[EXTRACTED ENTRIES Boundary: Start]
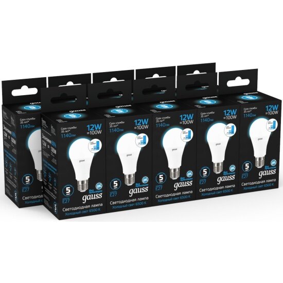 10 цен на Светодиодная лампа Gauss A60 12W 1140lm 6500K Е27 шаг. диммирование LED 1/10/50
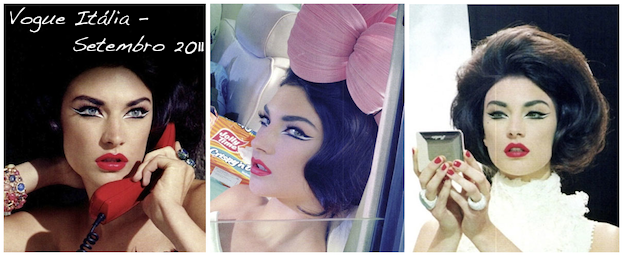 Hoje vou mostrar como se faz uma make inspirada em uma feita em um editorial de fotos para a Revista Vogue da Itália de setembro deste ano. Super retrô e marcante! Dêem uma olhada!
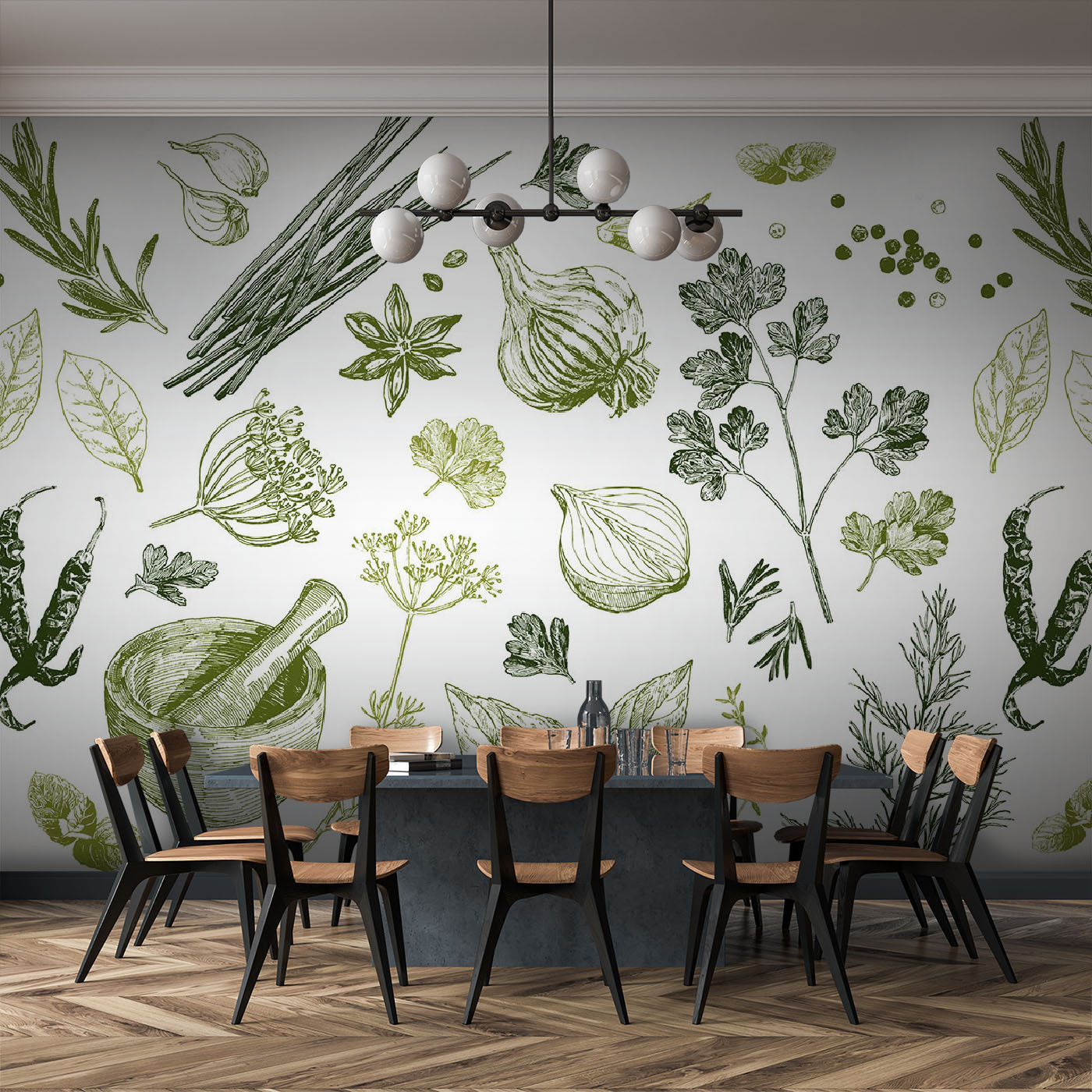 Μεταμορφώστε οποιονδήποτε μαγειρικό χώρο σε ένα αρωματικό καταφύγιο με αυτή την απολαυστική τοιχογραφία με μια ζωηρή ποικιλία βοτάνων και μπαχαρικών. Φανταστείτε ζωντανά πράσινα και γήινα χρώματα να χορεύουν στους τοίχους σας, κάνοντας κάθε γεύμα να μοιάζει λίγο πιο μαγικό. Είναι σαν να έχετε έναν μίνι κήπο μέσα στην κουζίνα σας, που σχεδόν σας βάζει σε πειρασμό να φτιάξετε λίγο πέστο ή να φτιάξετε μια φρέσκια σαλάτα. Επιπλέον, σε ποιον δεν αρέσει να ξεκινάει μια συζήτηση; Οι καλεσμένοι θα προσελκύονται και θα ρωτούν για αυτές τις μοναδικές εκτυπώσεις. Κρεμάστε το σε μια ζεστή γωνιά και παρακολουθήστε το να φέρνει ζεστασιά και έμπνευση, μετατρέποντας την ώρα του μαγειρέματος σε καθαρή χαρά. Ζεστάνετε τη διακόσμησή σας!
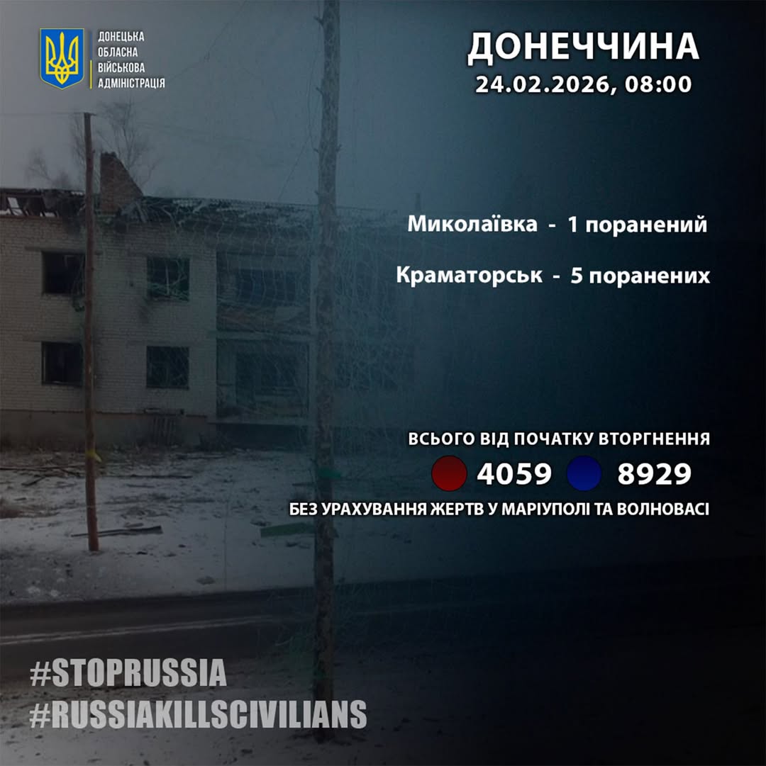 Як повідомлялось, 23 лютого Краматорськ перебував під комбінованою російською атакою. Ворог завдав ударів БПЛА "Герань-2"та V2U, а також двома ФАБ-250. Поранень зазнали п'ятеро чоловіків.
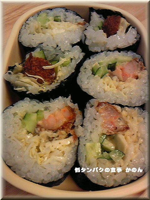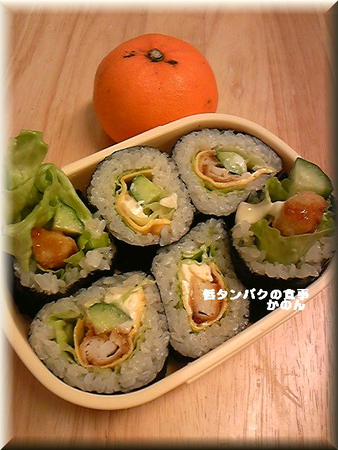 昨日も登場した 冷凍食品を使って楽々巻きずしです(^_^;)しかもカロリーもあるよっ
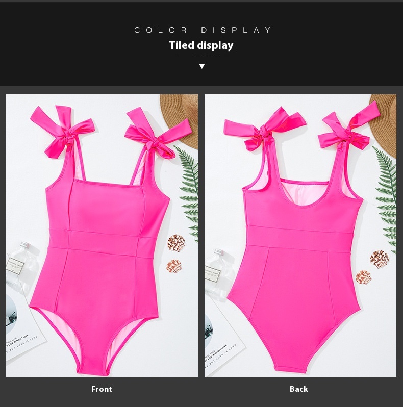 Solid Color Women's One-piece Swimming Suit Bundle Shoulder Strap High Elastic Belt
[EXTRACTED ENTRIES Boundary: End]
■ **PROBLEM TO SOLVE**
Please write the material out again exactly as shown above, minus any pictures.

■ **TASK RESPONSE**
 10 цен на Светодиодная лампа Gauss A60 12W 1140lm 6500K Е27 шаг. диммирование LED 1/10/50
 Hoje vou mostrar como se faz uma make inspirada em uma feita em um editorial de fotos para a Revista Vogue da Itália de setembro deste ano. Super retrô e marcante! Dêem uma olhada!
 Μεταμορφώστε οποιονδήποτε μαγειρικό χώρο σε ένα αρωματικό καταφύγιο με αυτή την απολαυστική τοιχογραφία με μια ζωηρή ποικιλία βοτάνων και μπαχαρικών. Φανταστείτε ζωντανά πράσινα και γήινα χρώματα να χορεύουν στους τοίχους σας, κάνοντας κάθε γεύμα να μοιάζει λίγο πιο μαγικό. Είναι σαν να έχετε έναν μίνι κήπο μέσα στην κουζίνα σας, που σχεδόν σας βάζει σε πειρασμό να φτιάξετε λίγο πέστο ή να φτιάξετε μια φρέσκια σαλάτα. Επιπλέον, σε ποιον δεν αρέσει να ξεκινάει μια συζήτηση; Οι καλεσμένοι θα προσελκύονται και θα ρωτούν για αυτές τις μοναδικές εκτυπώσεις. Κρεμάστε το σε μια ζεστή γωνιά και παρακολουθήστε το να φέρνει ζεστασιά και έμπνευση, μετατρέποντας την ώρα του μαγειρέματος σε καθαρή χαρά. Ζεστάνετε τη διακόσμησή σας!
 Як повідомлялось, 23 лютого Краматорськ перебував під комбінованою російською атакою. Ворог завдав ударів БПЛА "Герань-2"та V2U, а також двома ФАБ-250. Поранень зазнали п'ятеро чоловіків.
 昨日も登場した 冷凍食品を使って楽々巻きずしです(^_^;)しかもカロリーもあるよっ
 Solid Color Women's One-piece Swimming Suit Bundle Shoulder Strap High Elastic Belt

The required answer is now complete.